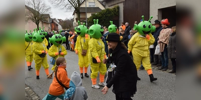 Straßenkarneval, das ist immer auch ein Schaulaufen: Beim närrischen Umzug präsentieren talentierte Wagenbauer ihre tollen Gefährte und zeigen einfallsreiche Kostümschneider, was sich mit Stoff, Nähmaschine und manchmal auch Pappmaché vollbringen lassen kann. So durften die Besucher des Haarbrücker Karnevalsumzugs auch diesmal nicht schlecht staunen. Was sich da auf den Straßen tummelte, war bunt, schrill und absolut sehenswert. Ein Dutzend Fußgruppen und Wagen schlängelten sich durch das Höhendorf. Dabei ging es durch alle Gewichtsklassen, vom bunt ausstaffierten Traktor bis hin zum kostümierten Bollerwagen. Aufwendig umgewerkelt waren die Gefährte beispielsweise zu einem Piratenschiff mit rauchenden Kanonen, einer Ritterburg mit zweifelhafter Minne oder Planwagen, gezogen von zweidimensionalen Pferden. Manche Gruppen kamen vom Mars, andere vom Meeresgrunde, wieder andere wollten offenbar gern nach Wacken. Auch gabs Dinos, nicht nur in Kinos, und frische Erdbeeren, die fruchtige Kurze ausschenkten. Natürlich flogen auch kinderfreundliche Süßigkeiten, in rauen Mengen sogar, welche eifrig aufgeklaubt wurden. Angeführt wurde der bunte Tross vom Prinzenpaar, Nico (Rasche) dem Unbeschreiblichen und Luisa (Timmermann) der Unvergleichlichen. Start und Ziel war wie stets die Bürgerhalle, wo der Umzug sogleich in eine stationäre, aber nicht weniger bunte Party mündete.
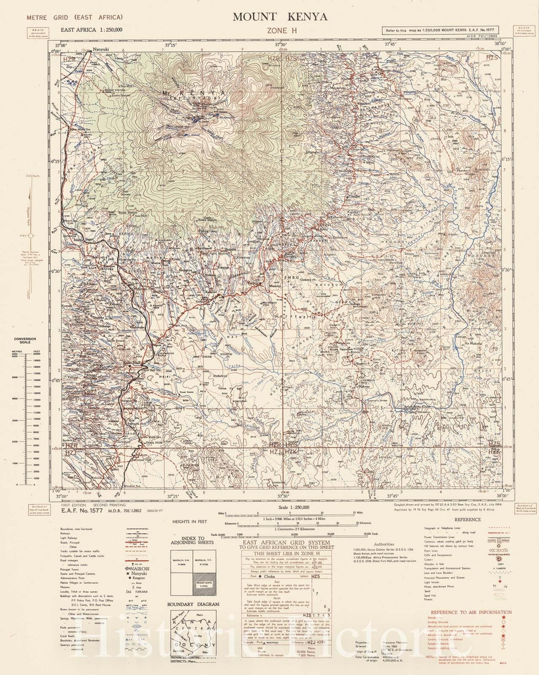 Historic 1940 Map - East Africa 1:250,000 - Mount Kenya (Zone H)
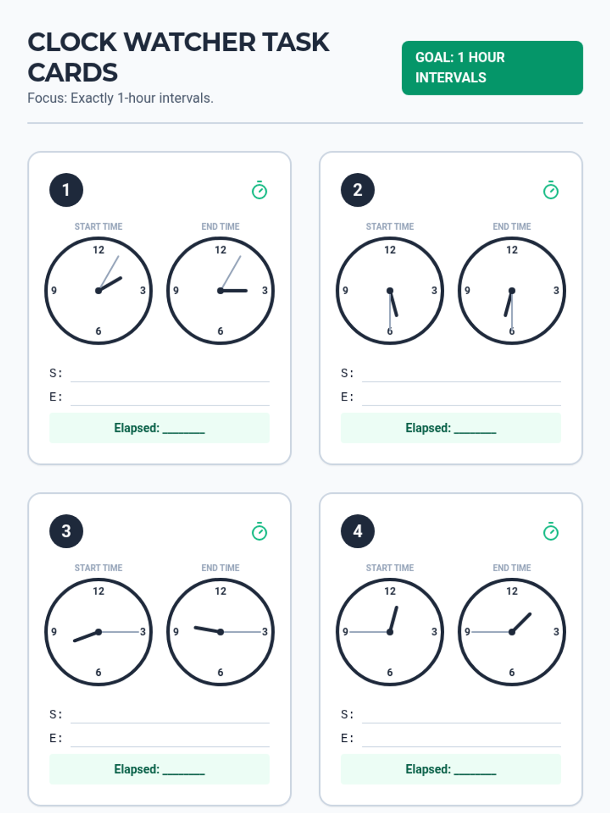 A set of 8 task cards featuring analog clocks showing start and end times exactly one hour apart. Students identify times and verify the 60-minute interval.
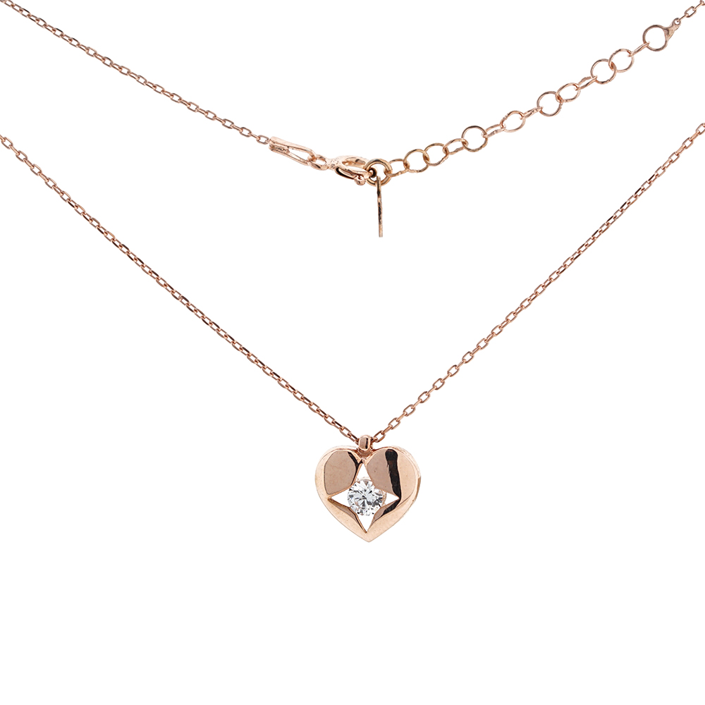 Feine Ankerkette mit einem Herz-Anhänger aus 925 Silber mit Swarovski-Kristall, rosevergoldet

* * *

* [About this task]: Give back the full listing verbatim, skipping each picture.

* [Response]:
 Straßenkarneval, das ist immer auch ein Schaulaufen: Beim närrischen Umzug präsentieren talentierte Wagenbauer ihre tollen Gefährte und zeigen einfallsreiche Kostümschneider, was sich mit Stoff, Nähmaschine und manchmal auch Pappmaché vollbringen lassen kann. So durften die Besucher des Haarbrücker Karnevalsumzugs auch diesmal nicht schlecht staunen. Was sich da auf den Straßen tummelte, war bunt, schrill und absolut sehenswert. Ein Dutzend Fußgruppen und Wagen schlängelten sich durch das Höhendorf. Dabei ging es durch alle Gewichtsklassen, vom bunt ausstaffierten Traktor bis hin zum kostümierten Bollerwagen. Aufwendig umgewerkelt waren die Gefährte beispielsweise zu einem Piratenschiff mit rauchenden Kanonen, einer Ritterburg mit zweifelhafter Minne oder Planwagen, gezogen von zweidimensionalen Pferden. Manche Gruppen kamen vom Mars, andere vom Meeresgrunde, wieder andere wollten offenbar gern nach Wacken. Auch gabs Dinos, nicht nur in Kinos, und frische Erdbeeren, die fruchtige Kurze ausschenkten. Natürlich flogen auch kinderfreundliche Süßigkeiten, in rauen Mengen sogar, welche eifrig aufgeklaubt wurden. Angeführt wurde der bunte Tross vom Prinzenpaar, Nico (Rasche) dem Unbeschreiblichen und Luisa (Timmermann) der Unvergleichlichen. Start und Ziel war wie stets die Bürgerhalle, wo der Umzug sogleich in eine stationäre, aber nicht weniger bunte Party mündete.
 Historic 1940 Map - East Africa 1:250,000 - Mount Kenya (Zone H)
 A set of 8 task cards featuring analog clocks showing start and end times exactly one hour apart. Students identify times and verify the 60-minute interval.
 Feine Ankerkette mit einem Herz-Anhänger aus 925 Silber mit Swarovski-Kristall, rosevergoldet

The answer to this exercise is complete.